- Born: 1940 (age 85–86)
- Education: University of Texas at Austin Texas Technical College
- Scientific career
- Fields: Electronic engineer and physicist
- Workplaces: Texas Tech University Office of Naval Research Colorado State University Arizona State University
- Doctoral advisor: Arwin A. Dougal
- Other academic advisors: Karl-Heinz Seeger
- Doctoral students: Dragica Vasileska

= David K. Ferry =

American physicist

David Keane Ferry (born 1940) is the Regents' Professor of Electrical Engineering at Arizona State University (ASU), notable for his research in semiconductor devices.

==Education==
He received his BSEE, 1962, and MSEE, 1963, both from Texas Technical College. Ferry obtained his PhD under Arwin A. Dougal, 1966, from the University of Texas at Austin with a thesis entitled Anomalous Microwave Emission from Bulk Semiconductors.

==Career==
Following a postdoctoral year in Vienna (1966–67) under Karl-Heinz Seeger, he spent time at Texas Tech University (1967–73), the Office of Naval Research (1973–77), Colorado State University (1977–83), and then joined
Arizona State University in 1983.

==Honors==
He has received a number of honours including the IEEE Cledo Brunetti Award, 1999; IEEE (Phoenix) Engineer of Year, 1990;
Fellow of the IEEE, 1987; Fellow of the American Physical Society, 1974; and Fellow of the Institute of Physics, 2008. His research involves the physics and simulation of semiconductor devices and quantum effects and transport in mesoscopic device structures.

==Books by Ferry==
- The Copenhagen Conspiracy (CRC, Taylor & Francis, 2019)
- The Wigner Function in Science and Technology (IOP Publishing, Bristol, 2018)
- An Introduction to Quantum Transport in Semiconductors (Pan Stanford, Singapore, 2018)
- Semiconductors: Bonds and bands (IOP Publishing, Bristol, 2013)
- Quantum Mechanics (Adam Hilger, Bristol, 1995), 2nd Edition (Inst.

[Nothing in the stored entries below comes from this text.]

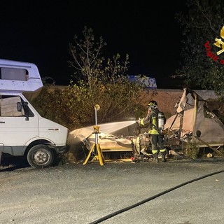 Taggia: roulotte abbandonata davanti all’ex caserma dei Carabinieri in fiamme, nessun ferito (Foto)
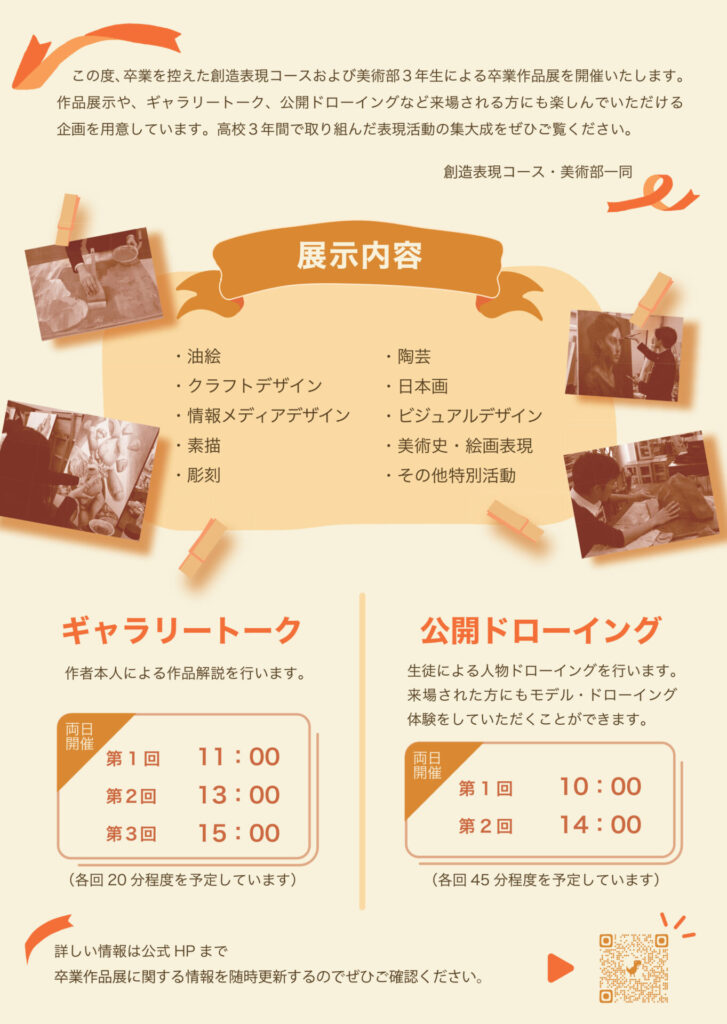 令和7年度 創造表現コース・美術部3年生による卒業作品展を開催します!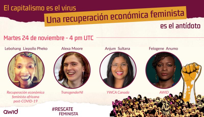 Te invitamos a participar en una conversación global sobre las cuatro iniciativas feministas que han diseñado los planes para un rescate y una recuperación económica feministas.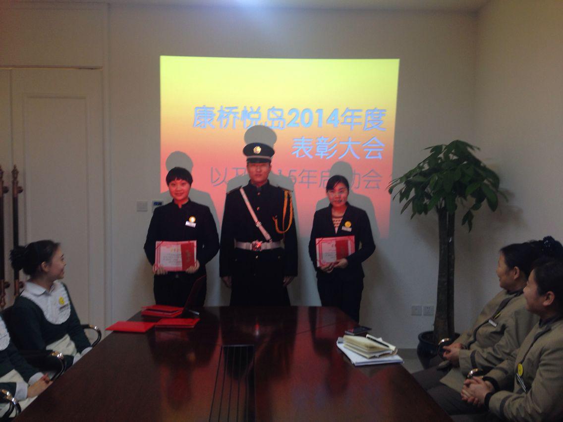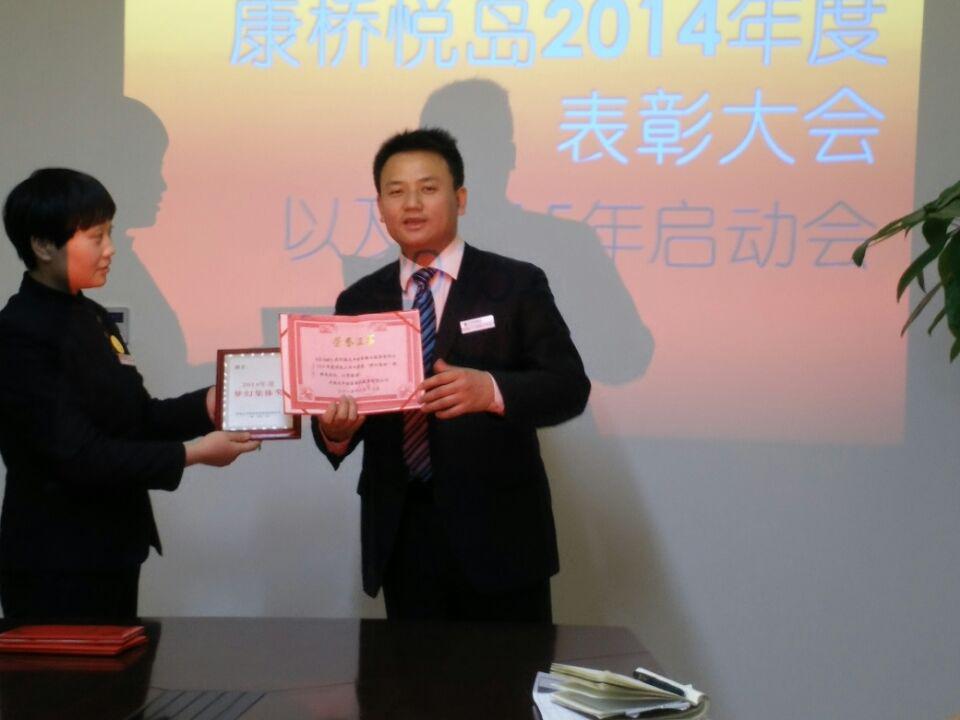 隨后,會議進入主題時刻——對2014年度表現突出的人員和集體進行表彰。表彰開始前,徐經理首先對公司評優評先通知進行宣讀,然后伴隨著高亢激昂的音樂,依次頒發新人進步獎、優秀員工獎、杰出奉獻獎,獲獎人員在大家的掌聲和贊許中上臺領獎并發表獲獎感言,大家紛紛表示在新的一年里會再接再厲,以更加飽滿的熱情投入工作,全心全意服務于業戶,爭取獲得更大的進步和更多的榮譽。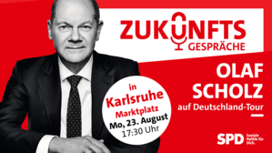 Olaf Scholz kommt am Montag ab 17:30 Uhr auf den Marktplatz nach Karlsruhe! Kommt vorbei oder schaut euch die Veranstaltung hier im Live-Stream an.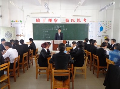 活动中,各教学部均选出一名班主任代表召开主题班会,教学部其他教师则前往旁听观摩。作为汽修教学部的班主任代表,艾文军老师主持召开了13级汽车技术服务与营销班班会。学生们衣着正装,精神抖擞,让人耳目一新。课堂上,艾文军老师通过创设情景的方法引入班会主题,并结合故事启发、游戏活动、分组讨论等方式步步深入,使学生体会到懂文明、知礼貌的重要性。而13级烹饪1班班主任谢志海老师则主要通过案例分析、情景模拟等手段,让学生在讨论、模拟中得到启发,从而做到自觉践行文明礼仪规范。

Physics Publ., London, 2000)
- Quantum Transport in Ultra-small Devices (Plenum, New York, 1995), Edited with Hal Grubin, Carlo Jacoboni, and Antti-Pekka Jauho
- Transport in Nanostructures (Cambridge University Press, Cambridge, 1997), with Steve Goodnick
- Semiconductor Transport (Taylor and Francis, London, 2001)
- Electronic Materials and Devices (Academic Press, San Diego, 2001), with Jon Bird.